A parte ‘engraçada’ ao ver as prioridades de ‘Helinho’ traduzidas em números do orçamento 2026, é uma postagem nas redes sociais deste sábado, dia 24, na conta da prefeitura, afirmando que “O rio Piracicaba recebe o cuidado que merece”. Para piorar, a mesma postagem usa uma foto antiga de uma obra divulgada no site da prefeitura de um ano atrás, em 11 de abril de 2025, sob o título e linha fina “Prefeitura retoma obras de desassoreamento do rio Piracicaba” e “Equipe atua com construção de muro de gabião na avenida Jaime Pereira, próximo à rua Curitiba”.

Outras quedas

Também perderam recursos as áreas de trabalho e ciência e tecnologia no comparativo entre as dotações (caixa) de 2025 e 2026. A Pasta ligada ao ex-sindicalista José Luiz Ribeiro teve recuo de -85,44%, de R$ 17,75 mi para R$ 2,58 mi. Já a segunda área, da secretária de Desenvolvimento Econômico, Thaís Fornicola, encolheu -33,8%, de R$ 500 mil para R$ 331 mil.

De Zé Luiz, homem de ‘Helinho’ para a Secretaria de Trabalho, Emprego e Renda, o corte mais profundo foi na subárea Proteção e Benefícios ao Trabalhador, com recuo de -99,16%, passando de R$ 16,24 mi para R$ 136 mil. Ainda na mesma Pasta, encolheu também o Fomento ao Trabalho, aos -85,86%, de R$ 245 mil para R$ 35,90 mil.

Ainda figura no ranque das reduções de caixa a área de transporte – esta não tem relação com o transporte coletivo, mas investimentos da prefeitura nos modais aéreo, rodoviário, ferroviário e hidroviário. A única subárea com destino de verbas é a aérea, relacionada à reforma do Aeroporto Municipal Comendador Pedro Morganti. Ao que tudo indica, o prefeito não parece estar muito preocupado com a reforma para o local anunciada em 2024. Os recursos caíram de R$ 500 mil para R$ 331 mil (-33,8%).

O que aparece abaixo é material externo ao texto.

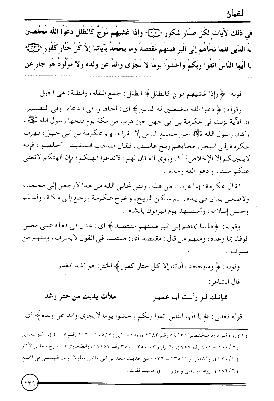 {فِي ذَلِك لآيَات لكل صبار شكور (31) وَإِذا غشيهم موج كالظلل دعوا الله مُخلصين لَهُ الدّين فَلَمَّا نجاهم إِلَى الْبر فَمنهمْ مقتصد وَمَا يجْحَد بِآيَاتِنَا إِلَّا كل ختار كفور (32) يَا أَيهَا النَّاس اتَّقوا ربكُم واخشوا يَوْمًا لَا يَجْزِي وَالِد عَن وَلَده وَلَا مَوْلُود هُوَ جَازَ عَن}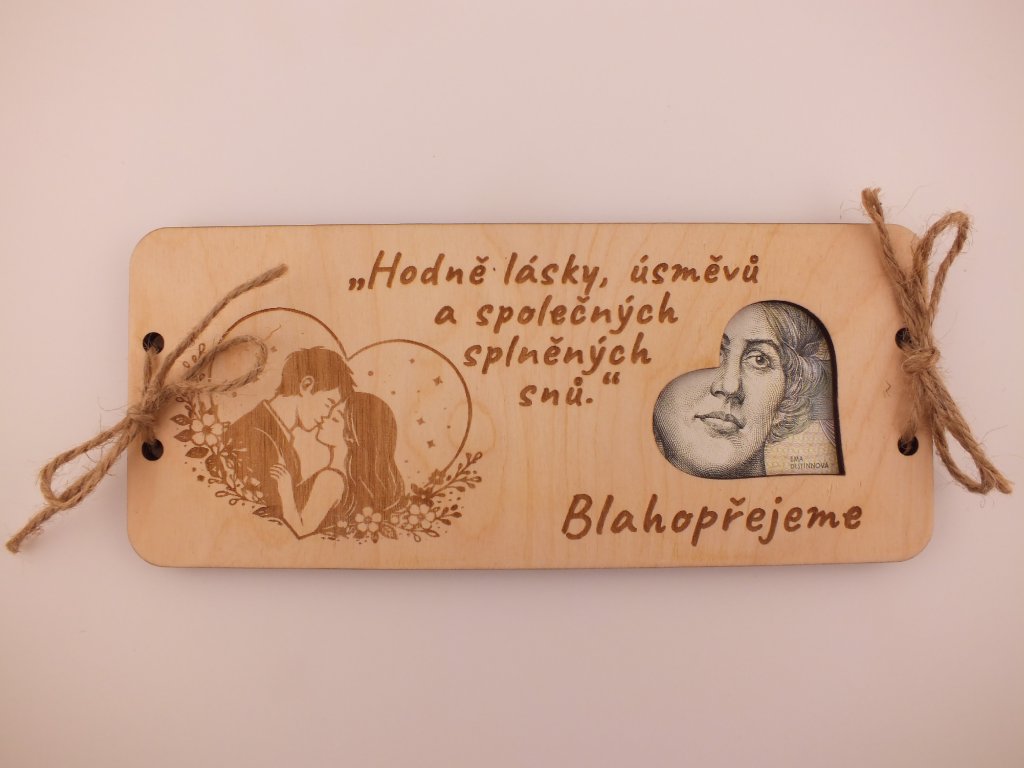 Poznámka: Peníze nejsou součástí balení – posíláme pouze dřevěnou obálku. 😊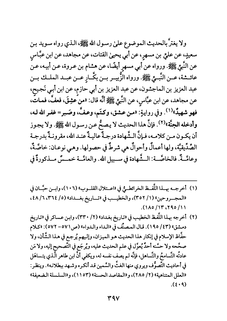ولا يغترَّ بالحديث الموضوع على رسول الله - صلى الله عليه وسلم -، الذي رواه سويد بن سعيدٍ، عن عليِّ بن مسهرٍ، عن أبي يحيى القتات، عن مجاهد، عن ابن عبَّاسٍ عن النَّبيِّ - صلى الله عليه وسلم -. ورواه عن أبي مسهرٍ أيضًا، عن هشام بن عروة، عن أبيه، عن عائشة، عن النَّبيِّ - صلى الله عليه وسلم -. ورواه الزُّبير بن بكَّارٍ عن عبد الملك بن عبد العزيز بن الماجشون، عن عبد العزيز بن أبي حازمٍ، عن ابن أبي نَجيحٍ، عن مجاهد، عن ابن عبَّاسٍ، عن النَّبيِّ - صلى الله عليه وسلم - أنَّه قال: «من عشِقَ، فعفَّ، فمات، فهو شهيدٌ» (¬١). وفي روايةٍ: «من عشق، وكتَم، وعفَّ، وصَبر= غفر الله له، وأدخله الجنَّة» (¬٢). فإنَّ هذا الحديث لا يصحُّ عن رسول الله - صلى الله عليه وسلم -. ولا يجوز أن يكون من كلامه، فإنَّ الشَّهادة درجةٌ عاليةٌ عند اللَّه، مقرونةٌ بدرجة الصِّدِّيقيَّة، ولها أعمالٌ وأحوالٌ هي شرطٌ في حصولها. وهي نوعان: خاصَّةٌ، وعامَّةٌ. فالخاصَّة: الشَّهادة في سبيل اللَّه.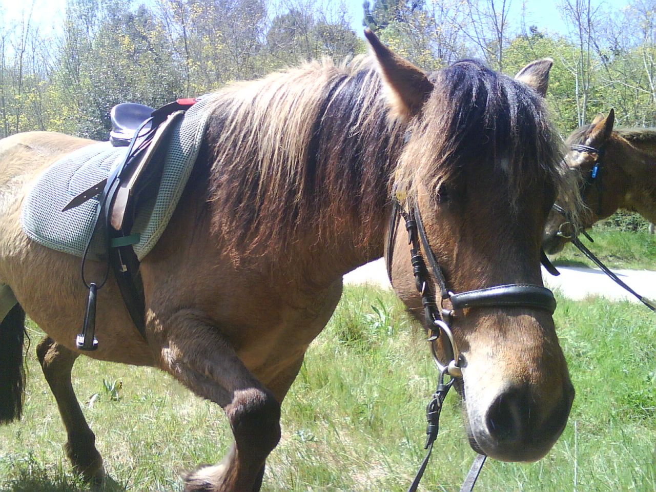 Déconnecté | orkis : en rando je met le licol sous le filet et la longe autour du cou avec un noeud spécial c'est trés pratique et comme ça on attache à un arbre ça va tout seul |

Em tempo: a capacidade de execução do orçamento no comparativo entre o primeiro e segundo anos de gestão de Zanatta segue a mesma toada, com um pequeno declínio. Ao fim do primeiro bimestre de 2025, o prefeito conseguiu investir 9,86% e, neste ano, 9,21%. Veja, a seguir, o ranque de áreas com maior engorda de caixa no comparativo entre 2025 e 2026. A reportagem abriu espaço para o prefeito e todos os secretários comentaram os desempenhos de suas Pastas e autarquia, mas nenhum deles se manifestaram.